MARKET REPORT: Looming rate rises pose a threat to market rally

MARKET REPORT: Looming interest rate rises pose a threat to market rally as central banks continue fight to tame sky high inflation

Global stock markets made a sluggish start to the week amid investor concerns about looming interest rate hikes.

With the outlook for the global economy in focus, the FTSE 100 index edged up 0.3 per cent, or 19.72 points, to 7784.87 and the FTSE 250 dropped by 0.5 per cent, or 98.19 points, to 19937.2.

The main European benchmarks also struggled for direction with the Dax in Germany slipping 0.2 per cent and France’s CAC index was also down by 0.2 per cent.

Inflation threat: With the outlook for the global economy in focus, the FTSE 100 index edged up 0.3% to 7784.87 and the FTSE 250 dropped by 0.5% to 19937.2

On Wall Street, meanwhile, the Dow Jones Industrial Average inched down 0.2 per cent, the S&P 500 dropped 0.8 per cent and the Nasdaq fell 1.3 per cent. 

Traders will be keeping a close eye on how central banks around the world pursue interest rate hikes this week.

The US Federal Reserve is expected to declare a smaller rate hike of 0.25 percentage points on Wednesday having already pushed through a string of 0.5 percentage point and 0.75 percentage point hikes.

Meanwhile, the European Central Bank (ECB) and Bank of England are likely to usher in rises of 0.5 percentage points on Thursday.

This would take the UK’s interest rate to 4 per cent, helping those with savings but sparking further unease for mortgage borrowers.

With central banks still raising rates as they battle to tame sky high inflation, analysts suggested the rally on global stock markets so far this year could soon grind to a halt. 

Eric Robertsen, global head of research and chief strategist at Standard Chartered, said: ‘Expectations for a Goldilocks scenario are too hopeful.’

Stock Watch – Impellam

Impellam, the recruitment firm which helps professionals such as doctors, lawyers and teachers to find work, has agreed to sell two of its businesses for £85million.

The company will sell its regional specialist staffing and healthcare businesses to investment fund Twenty20 Capital. 

Impellam plans to reward investors with a special dividend of 77.7 pence per share – or £35million – following the disposals.

Shares rose 7.1 per cent, or 47.5p, to 720p yesterday.

A Goldilocks economy is one that is neither too hot nor too cold and grows steadily without stoking inflation.

Back in London, the new boss of Shell wasted little time in imposing his mark on the oil giant.

Wael Sawan, who took over from Ben van Beurden earlier this month, authorised the merger of Shell’s oil and gas production and liquified national gas (LNG) divisions. The company will also combine its renewables operations and oil refining and marketing business. 

The changes will see the size of the oil giant’s executive committee reduce from nine to seven members. Shares gained 0.2 per cent, or 4.5p, to 2375p.
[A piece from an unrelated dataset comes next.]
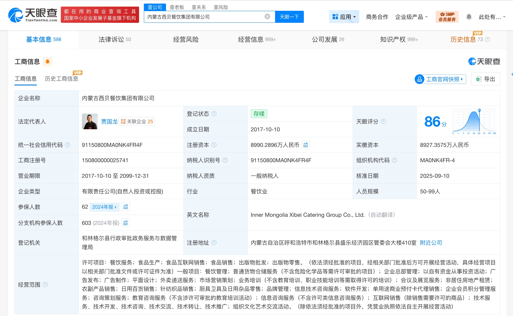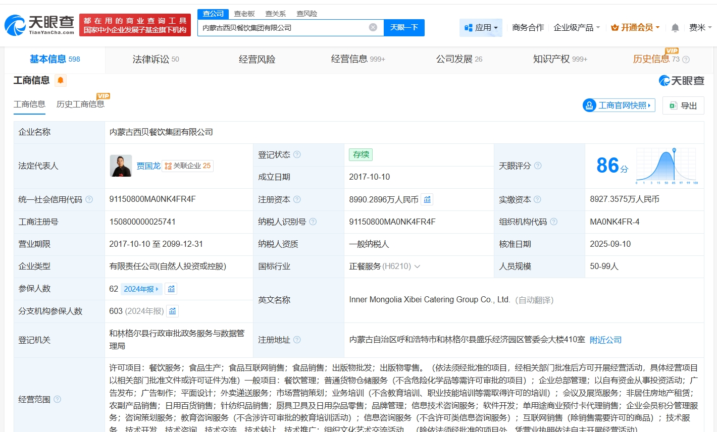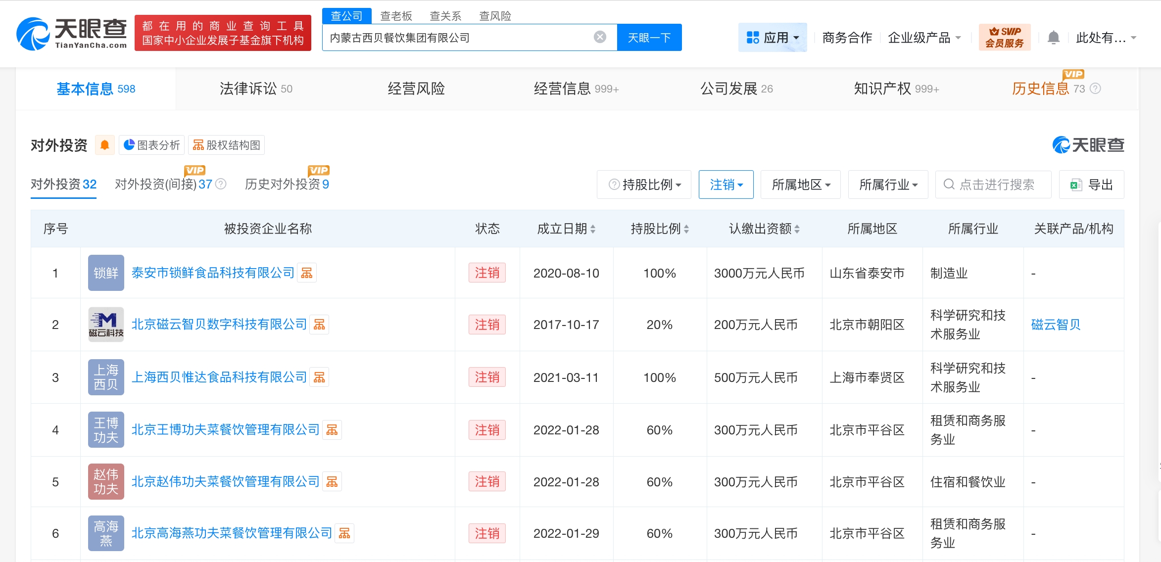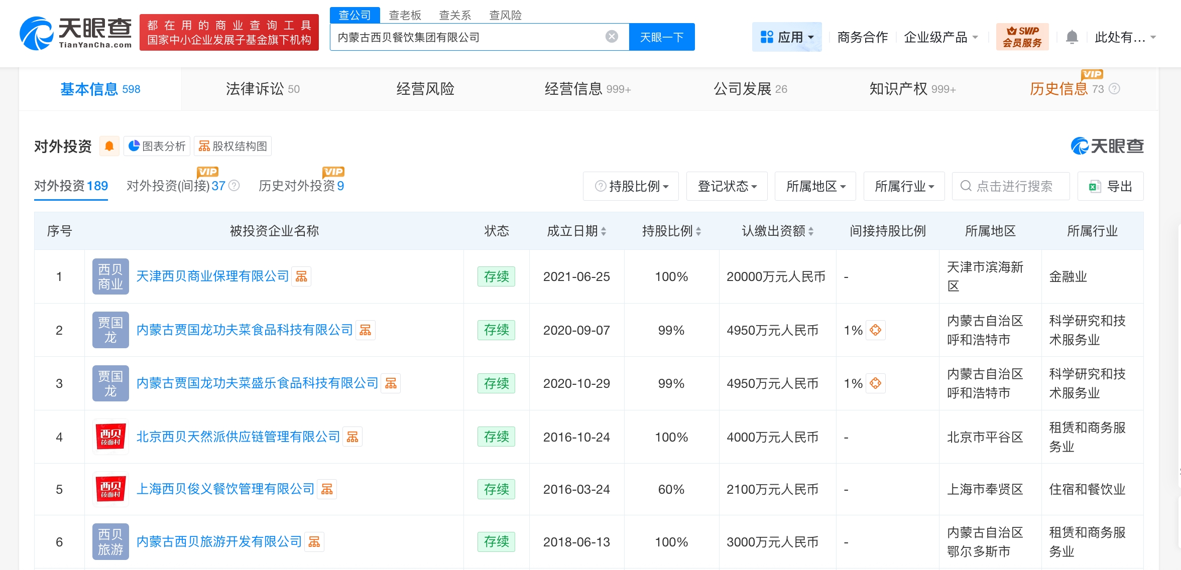 雷达财经讯,据媒体报道,近日,网传西贝会议中称将一次性关闭全国102家门店,占门店总数的30%。1月15日,西贝餐饮创始人贾国龙确认该消息属实。2025年9月,西贝遭遇“预制菜风波”,贾国龙称之为西贝成立以来最大的一次外部危机。 天眼查工商信息显示,西贝关联公司内蒙古西贝餐饮集团有限公司成立于2017年10月,法定代表人为贾国龙,注册资本约8990万人民币,经营范围含餐饮服务、食品生产、食品互联网销售、食品销售、餐饮管理、普通货物仓储服务、以自有资金从事投资活动等。股东信息显示,该公司由北京西贝企业管理有限公司、贾国龙、呼和浩特市人生喜悦企业管理中心(有限合伙)等共同持股。对外投资信息显示,该公司直接持股近190家企业,其中150余家企业为存续状态,30余家企业已注销。 此外,西贝另一家关联公司北京西贝餐饮管理有限公司成立于2001年11月,法定代表人为贾国龙,注册资本800万人民币,经营范围为出版物零售、餐饮管理,由贾国龙、张丽平共同持股。 值得一提的是,近期,西贝旗下多家企业注销,包括北京西贝畅行寰宇餐饮管理有限公司、上海西贝麦香餐饮管理有限责任公司等。

Housebuilders, meanwhile, traded lower after the Government set a six-week deadline for developers to sign ‘legally binding contracts’ and commit to paying to repair unsafe buildings.

The contract will see developers pledge at least £2bn for repairs to buildings developed or refurbished over the past 30 years.

Those who fail to sign and follow the contractual terms will face ‘significant consequences’, the Government added. The sell-off across the industry hit Crest Nicholson hardest, which fell 2.9 per cent, or 7p, to 237.8p.

Rivals Taylor Wimpey dipped 1.8 per cent, or 2.1p, to 116.7p and Barratt Developments sank 1.8 per cent, or 8.5p, to 457.4p.

Computacenter rose highest in the second tier after a record fourth quarter. The upbeat result was driven by ‘extremely buoyant’ sales across its technology sourcing business. 

Revenues for 2022 were 30 per cent higher than the previous 12 months. Shares surged 11.4 per cent, or 226p, to 2218p.

Darktrace shares crashed to a record low after the asset manager Quintessential disclosed a short position in the cyber-security firm. Shares tumbled 12.6 per cent, or 31.8p, to 220p.

Investors in On The Beach made their feelings known with a revolt at the package holiday group’s annual general meeting on Friday. More than one in five votes cast were opposed to its remuneration policy. 

Shares fell 1.8 per cent, or 3.2p, to 178.4p.